**The task**
Using the listing below, print the line containing "GELSENKIRCHEN, 1 julio, 2024", the line containing "Tırnaklarımızı nude tonlarda", and each line between them, exactly and nothing else. Pictures stay out of the print.
START Supplied records
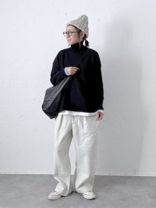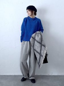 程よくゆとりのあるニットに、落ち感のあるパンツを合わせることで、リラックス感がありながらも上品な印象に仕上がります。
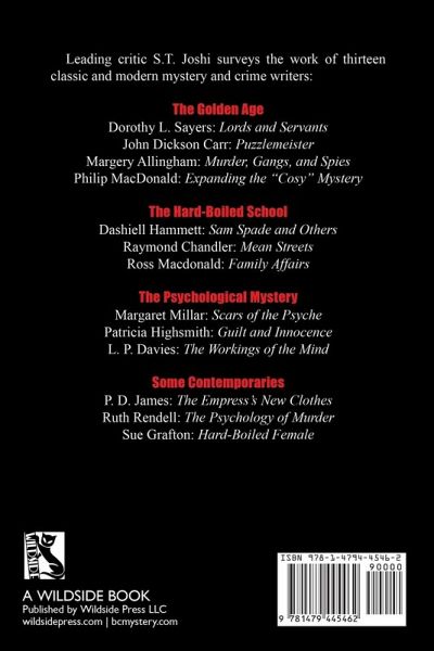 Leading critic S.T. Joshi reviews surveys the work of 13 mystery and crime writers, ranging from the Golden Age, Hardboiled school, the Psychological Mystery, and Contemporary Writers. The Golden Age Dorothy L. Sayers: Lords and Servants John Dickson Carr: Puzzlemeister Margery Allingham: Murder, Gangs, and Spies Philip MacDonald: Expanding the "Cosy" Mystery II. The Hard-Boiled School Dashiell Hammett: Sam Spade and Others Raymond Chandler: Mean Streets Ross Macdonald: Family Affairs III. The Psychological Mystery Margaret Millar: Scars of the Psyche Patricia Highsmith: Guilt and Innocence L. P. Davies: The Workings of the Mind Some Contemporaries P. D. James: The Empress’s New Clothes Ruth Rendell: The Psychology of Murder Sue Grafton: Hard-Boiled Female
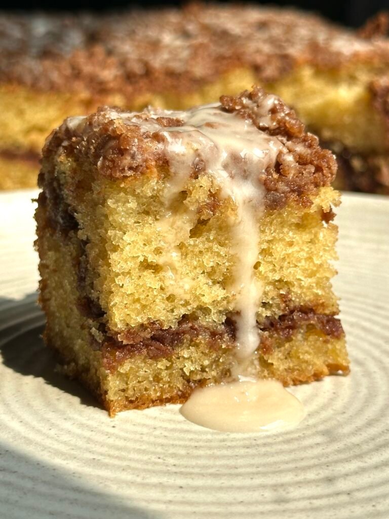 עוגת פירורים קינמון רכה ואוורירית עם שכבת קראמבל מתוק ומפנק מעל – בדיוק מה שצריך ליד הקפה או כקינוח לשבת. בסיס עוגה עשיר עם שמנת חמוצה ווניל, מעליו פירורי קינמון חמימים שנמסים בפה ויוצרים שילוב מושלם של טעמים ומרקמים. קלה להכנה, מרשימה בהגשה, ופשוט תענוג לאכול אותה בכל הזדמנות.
END Supplied records
START Supplied records
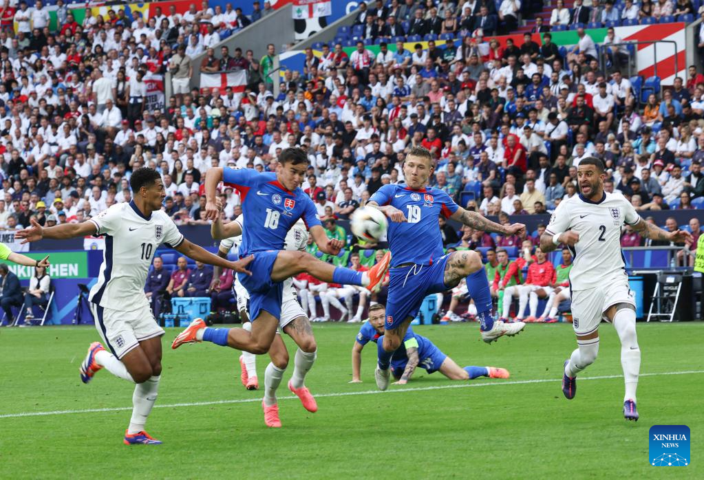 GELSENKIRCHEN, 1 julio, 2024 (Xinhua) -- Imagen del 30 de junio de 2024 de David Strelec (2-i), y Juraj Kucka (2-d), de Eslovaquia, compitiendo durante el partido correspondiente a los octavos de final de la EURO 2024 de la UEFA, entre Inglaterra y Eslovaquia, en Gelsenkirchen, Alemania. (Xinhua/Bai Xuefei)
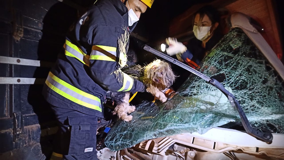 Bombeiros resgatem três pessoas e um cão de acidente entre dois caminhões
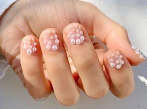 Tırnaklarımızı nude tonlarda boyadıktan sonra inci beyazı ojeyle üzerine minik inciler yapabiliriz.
END Supplied records
START Supplied records
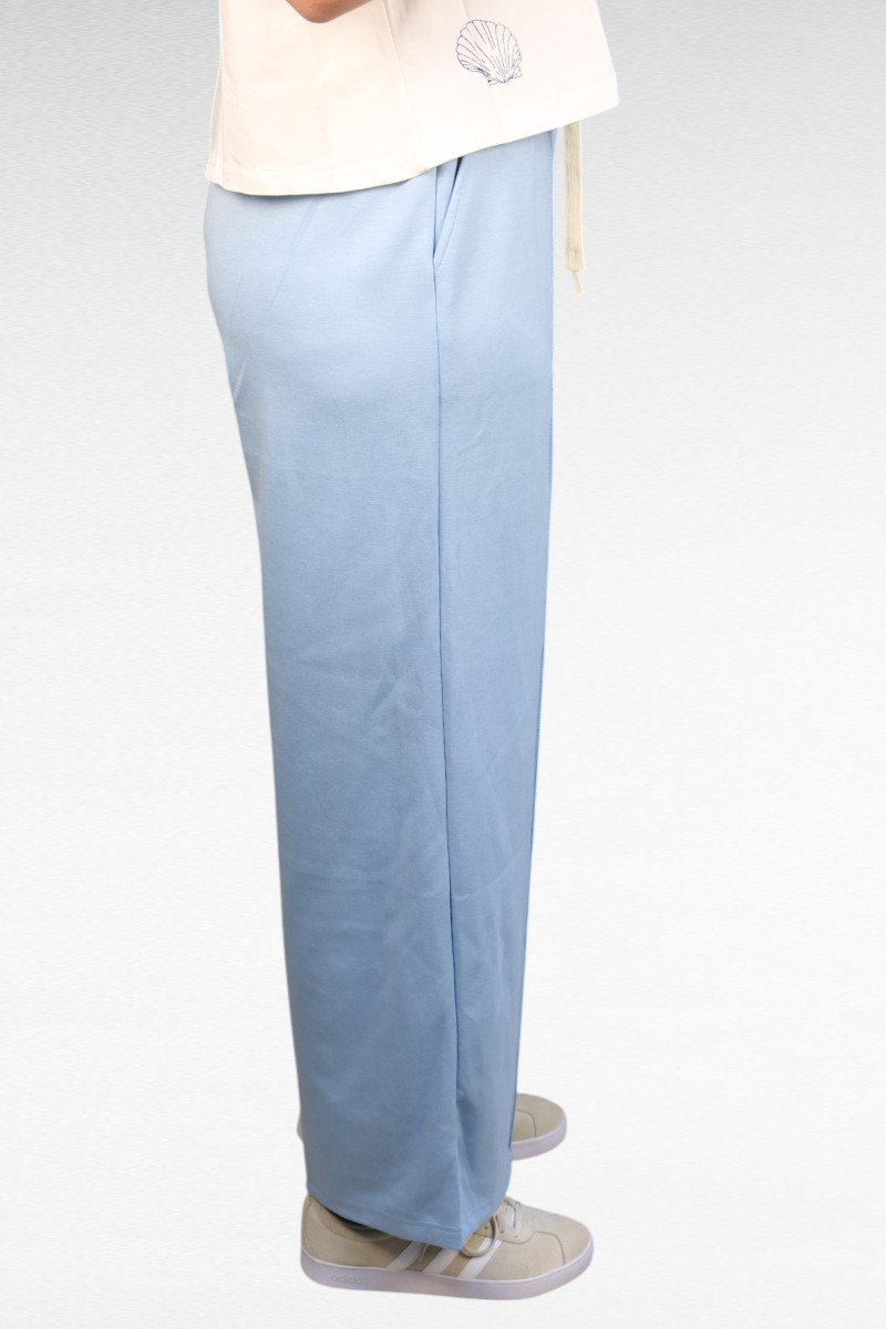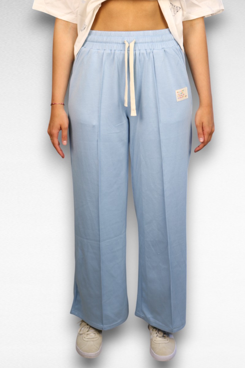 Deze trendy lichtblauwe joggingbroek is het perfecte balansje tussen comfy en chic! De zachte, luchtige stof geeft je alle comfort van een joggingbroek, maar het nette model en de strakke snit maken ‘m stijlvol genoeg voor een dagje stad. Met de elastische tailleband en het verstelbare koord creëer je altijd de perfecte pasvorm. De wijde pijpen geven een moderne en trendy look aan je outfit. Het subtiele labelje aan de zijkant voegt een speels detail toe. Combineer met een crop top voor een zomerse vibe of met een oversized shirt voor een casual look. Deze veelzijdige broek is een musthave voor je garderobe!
END Supplied records
**Written solution**
 GELSENKIRCHEN, 1 julio, 2024 (Xinhua) -- Imagen del 30 de junio de 2024 de David Strelec (2-i), y Juraj Kucka (2-d), de Eslovaquia, compitiendo durante el partido correspondiente a los octavos de final de la EURO 2024 de la UEFA, entre Inglaterra y Eslovaquia, en Gelsenkirchen, Alemania. (Xinhua/Bai Xuefei)
 Bombeiros resgatem três pessoas e um cão de acidente entre dois caminhões
 Tırnaklarımızı nude tonlarda boyadıktan sonra inci beyazı ojeyle üzerine minik inciler yapabiliriz.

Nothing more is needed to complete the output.